=== Begin Enclosure ===

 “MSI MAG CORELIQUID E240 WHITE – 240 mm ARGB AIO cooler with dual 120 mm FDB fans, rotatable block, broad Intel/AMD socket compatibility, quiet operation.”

=== End Enclosure ===
=== Begin Enclosure ===

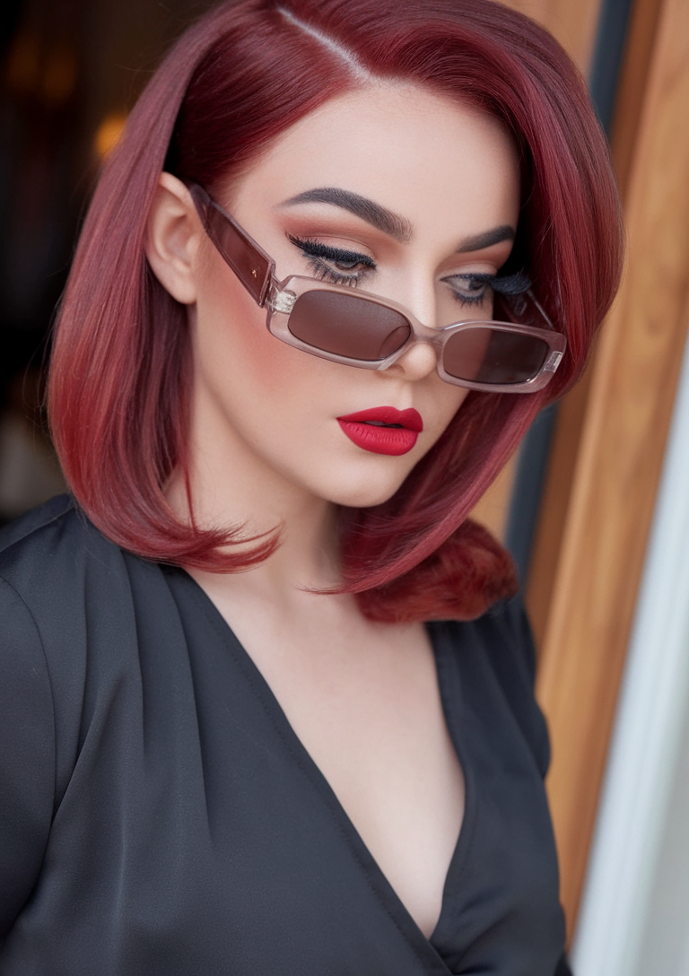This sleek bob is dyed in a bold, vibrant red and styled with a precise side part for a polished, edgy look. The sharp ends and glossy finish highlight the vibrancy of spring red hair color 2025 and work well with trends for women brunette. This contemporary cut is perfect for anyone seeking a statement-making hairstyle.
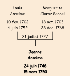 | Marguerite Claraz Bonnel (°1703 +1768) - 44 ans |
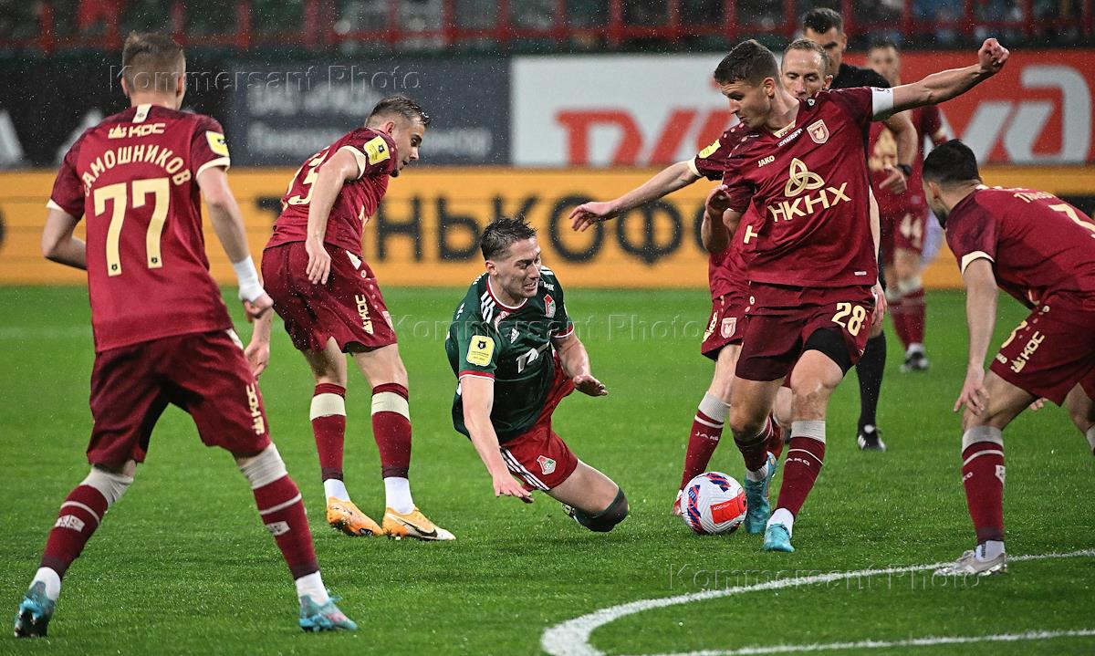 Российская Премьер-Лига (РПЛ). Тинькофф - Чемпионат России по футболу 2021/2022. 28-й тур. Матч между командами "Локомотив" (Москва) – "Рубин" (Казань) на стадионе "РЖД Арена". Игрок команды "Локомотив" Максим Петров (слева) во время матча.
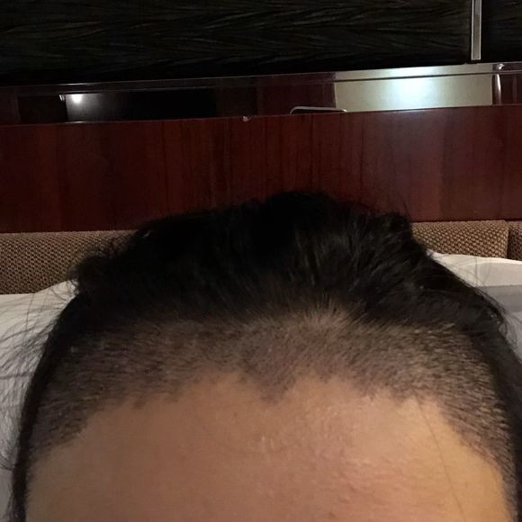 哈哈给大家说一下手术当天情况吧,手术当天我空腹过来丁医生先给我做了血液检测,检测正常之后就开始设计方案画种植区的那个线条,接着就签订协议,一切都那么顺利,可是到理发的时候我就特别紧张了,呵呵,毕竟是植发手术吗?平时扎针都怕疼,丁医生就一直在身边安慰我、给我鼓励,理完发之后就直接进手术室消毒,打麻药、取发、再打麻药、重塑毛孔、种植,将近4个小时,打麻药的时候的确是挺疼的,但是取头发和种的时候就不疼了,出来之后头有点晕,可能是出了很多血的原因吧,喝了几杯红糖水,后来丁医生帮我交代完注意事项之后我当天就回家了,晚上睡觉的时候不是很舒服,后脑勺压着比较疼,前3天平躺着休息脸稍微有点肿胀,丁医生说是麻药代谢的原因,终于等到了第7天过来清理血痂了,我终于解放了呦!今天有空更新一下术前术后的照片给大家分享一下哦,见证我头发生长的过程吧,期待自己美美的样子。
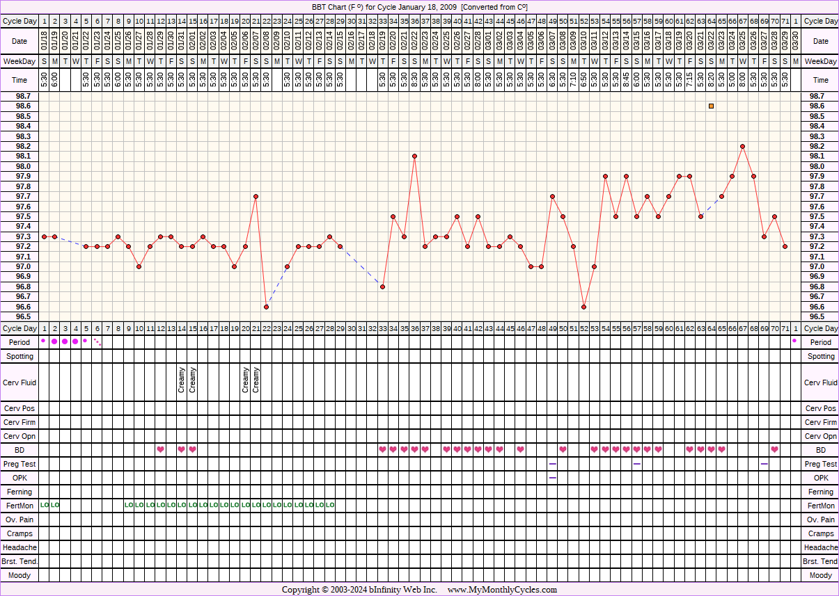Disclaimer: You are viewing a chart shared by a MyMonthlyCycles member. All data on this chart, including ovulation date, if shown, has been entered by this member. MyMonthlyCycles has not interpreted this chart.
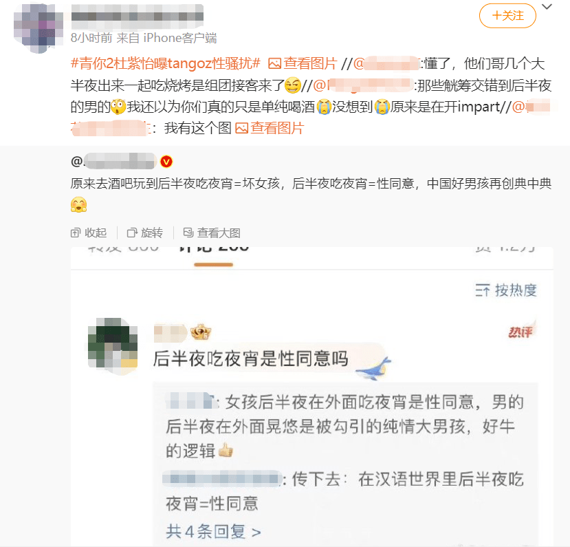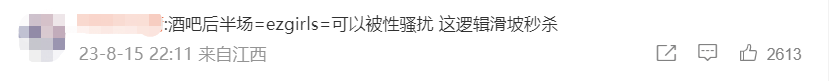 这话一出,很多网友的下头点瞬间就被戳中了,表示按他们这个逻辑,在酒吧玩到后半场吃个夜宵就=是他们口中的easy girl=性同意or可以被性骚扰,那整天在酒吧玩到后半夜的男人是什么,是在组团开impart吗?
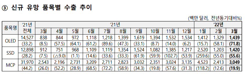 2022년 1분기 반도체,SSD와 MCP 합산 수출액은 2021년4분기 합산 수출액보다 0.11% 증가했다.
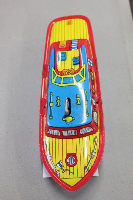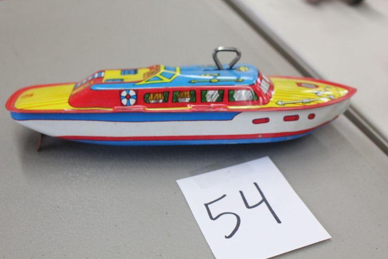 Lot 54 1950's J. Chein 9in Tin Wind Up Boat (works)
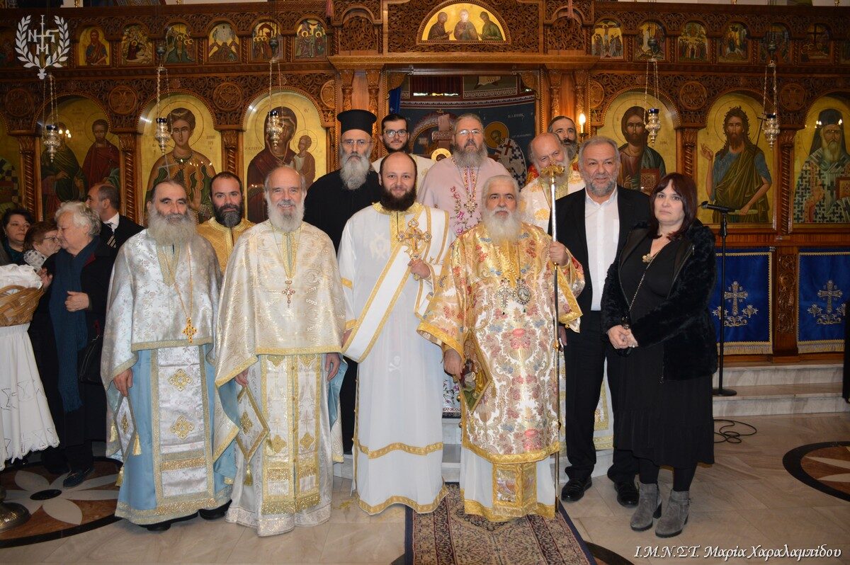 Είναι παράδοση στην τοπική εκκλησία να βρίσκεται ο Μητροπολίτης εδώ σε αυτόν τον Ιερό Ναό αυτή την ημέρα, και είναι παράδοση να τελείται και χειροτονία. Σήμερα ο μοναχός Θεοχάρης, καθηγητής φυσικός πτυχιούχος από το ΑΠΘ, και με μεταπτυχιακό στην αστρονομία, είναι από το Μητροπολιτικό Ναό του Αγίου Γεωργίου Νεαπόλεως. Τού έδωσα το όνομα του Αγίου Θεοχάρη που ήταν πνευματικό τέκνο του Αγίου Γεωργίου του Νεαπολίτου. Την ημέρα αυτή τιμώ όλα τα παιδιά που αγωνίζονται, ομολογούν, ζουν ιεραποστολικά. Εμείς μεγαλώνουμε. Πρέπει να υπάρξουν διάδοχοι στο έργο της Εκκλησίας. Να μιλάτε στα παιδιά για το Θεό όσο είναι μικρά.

=== End Enclosure ===
=== Begin Enclosure ===

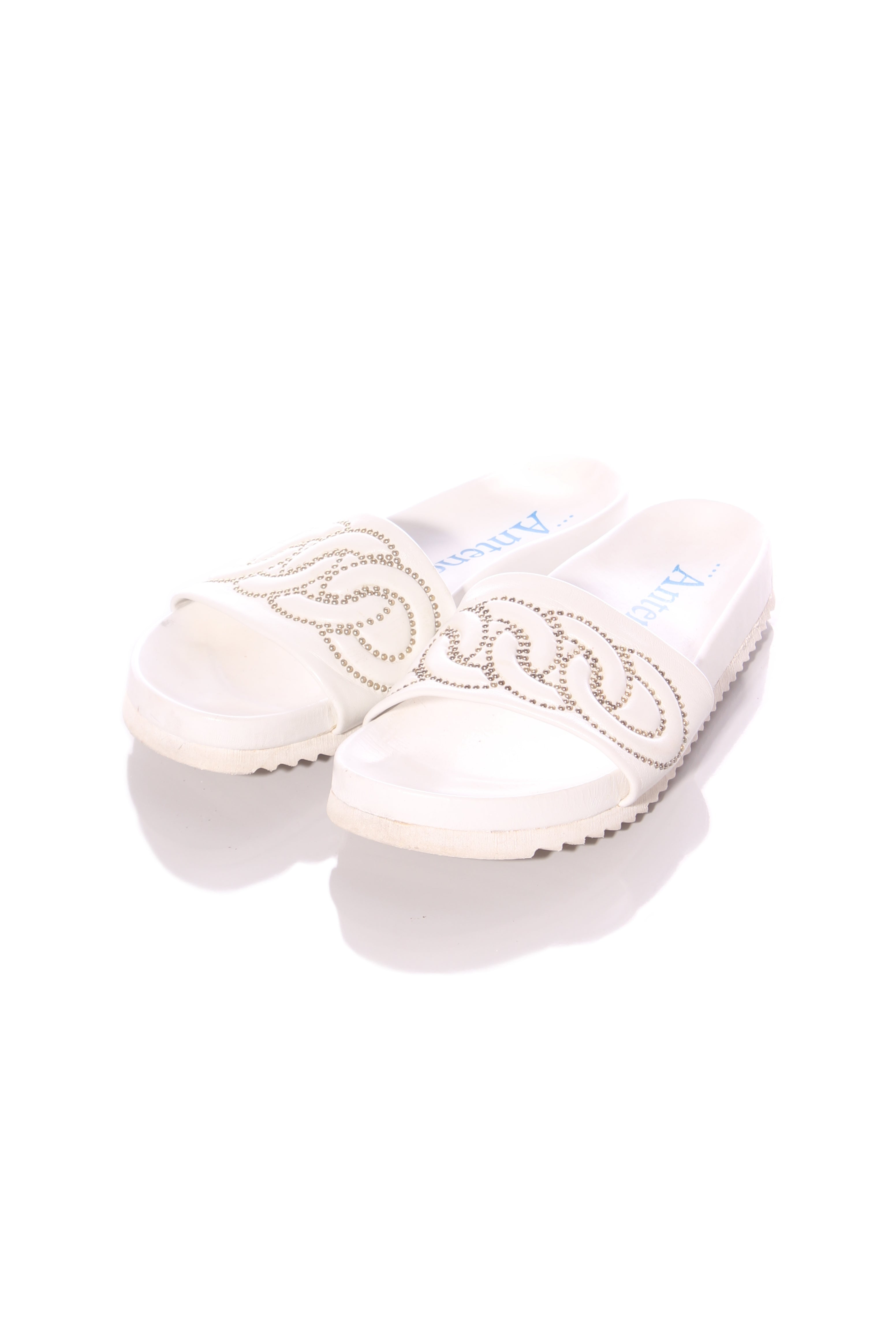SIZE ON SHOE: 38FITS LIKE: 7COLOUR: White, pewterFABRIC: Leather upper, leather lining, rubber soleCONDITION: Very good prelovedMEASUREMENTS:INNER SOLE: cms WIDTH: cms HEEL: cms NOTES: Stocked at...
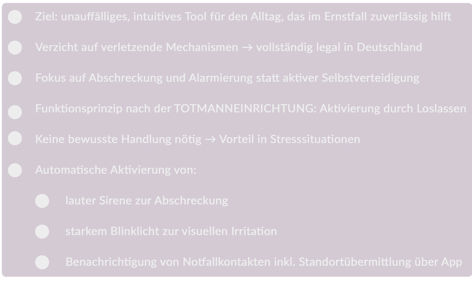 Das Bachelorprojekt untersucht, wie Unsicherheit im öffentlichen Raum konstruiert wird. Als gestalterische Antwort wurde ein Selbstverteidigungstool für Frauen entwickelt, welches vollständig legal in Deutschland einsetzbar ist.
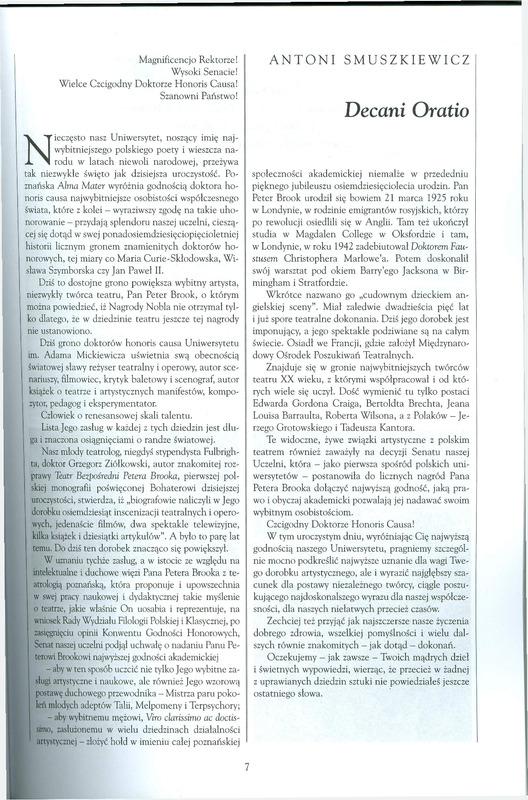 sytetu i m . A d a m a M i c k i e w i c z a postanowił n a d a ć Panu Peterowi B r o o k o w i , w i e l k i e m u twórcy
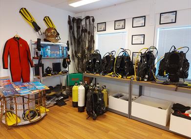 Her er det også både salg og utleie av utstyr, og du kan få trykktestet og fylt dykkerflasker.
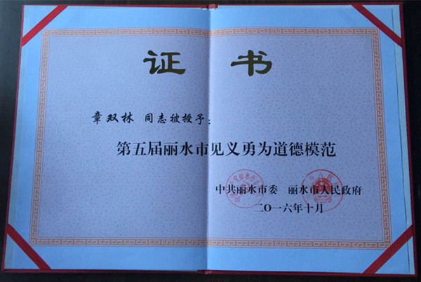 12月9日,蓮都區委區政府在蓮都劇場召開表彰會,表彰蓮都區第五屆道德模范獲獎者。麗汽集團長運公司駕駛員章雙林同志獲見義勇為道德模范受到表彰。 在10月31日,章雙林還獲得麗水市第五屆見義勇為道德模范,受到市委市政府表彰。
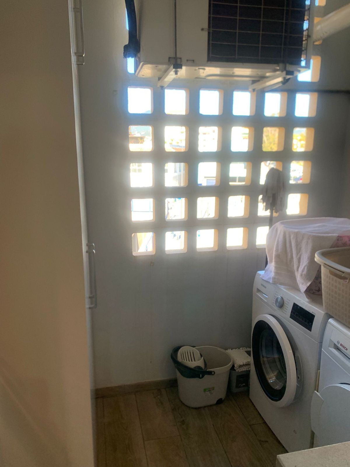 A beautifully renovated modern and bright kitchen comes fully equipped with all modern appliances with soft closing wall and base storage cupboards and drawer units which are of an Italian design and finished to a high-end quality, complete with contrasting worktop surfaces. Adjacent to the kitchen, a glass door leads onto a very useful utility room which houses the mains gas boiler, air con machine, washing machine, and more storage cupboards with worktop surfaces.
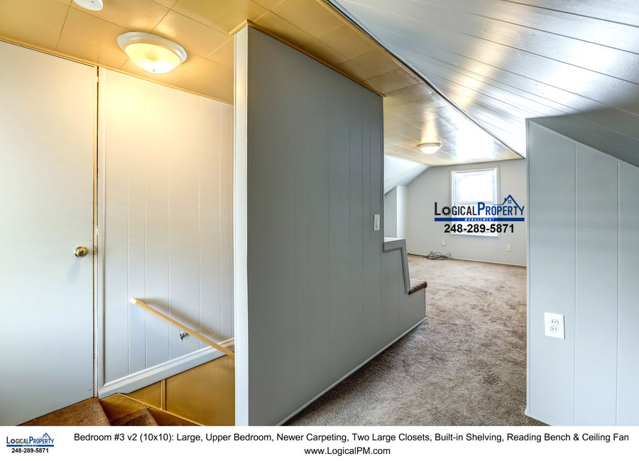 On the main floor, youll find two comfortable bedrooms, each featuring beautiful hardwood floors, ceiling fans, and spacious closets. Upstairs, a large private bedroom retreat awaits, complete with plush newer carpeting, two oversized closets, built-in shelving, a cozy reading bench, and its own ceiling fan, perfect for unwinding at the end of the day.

=== End Enclosure ===

_Directions_
In the listing above, find the line with "Российская Премьер-Лига (РПЛ)." and output it and every line after it up to and including the line with "Lot 54 1950's", exactly, minus the pictures.

_Answer to this problem_
 Российская Премьер-Лига (РПЛ). Тинькофф - Чемпионат России по футболу 2021/2022. 28-й тур. Матч между командами "Локомотив" (Москва) – "Рубин" (Казань) на стадионе "РЖД Арена". Игрок команды "Локомотив" Максим Петров (слева) во время матча.
 哈哈给大家说一下手术当天情况吧,手术当天我空腹过来丁医生先给我做了血液检测,检测正常之后就开始设计方案画种植区的那个线条,接着就签订协议,一切都那么顺利,可是到理发的时候我就特别紧张了,呵呵,毕竟是植发手术吗?平时扎针都怕疼,丁医生就一直在身边安慰我、给我鼓励,理完发之后就直接进手术室消毒,打麻药、取发、再打麻药、重塑毛孔、种植,将近4个小时,打麻药的时候的确是挺疼的,但是取头发和种的时候就不疼了,出来之后头有点晕,可能是出了很多血的原因吧,喝了几杯红糖水,后来丁医生帮我交代完注意事项之后我当天就回家了,晚上睡觉的时候不是很舒服,后脑勺压着比较疼,前3天平躺着休息脸稍微有点肿胀,丁医生说是麻药代谢的原因,终于等到了第7天过来清理血痂了,我终于解放了呦!今天有空更新一下术前术后的照片给大家分享一下哦,见证我头发生长的过程吧,期待自己美美的样子。
Disclaimer: You are viewing a chart shared by a MyMonthlyCycles member. All data on this chart, including ovulation date, if shown, has been entered by this member. MyMonthlyCycles has not interpreted this chart.
 这话一出,很多网友的下头点瞬间就被戳中了,表示按他们这个逻辑,在酒吧玩到后半场吃个夜宵就=是他们口中的easy girl=性同意or可以被性骚扰,那整天在酒吧玩到后半夜的男人是什么,是在组团开impart吗?
 2022년 1분기 반도체,SSD와 MCP 합산 수출액은 2021년4분기 합산 수출액보다 0.11% 증가했다.
 Lot 54 1950's J. Chein 9in Tin Wind Up Boat (works)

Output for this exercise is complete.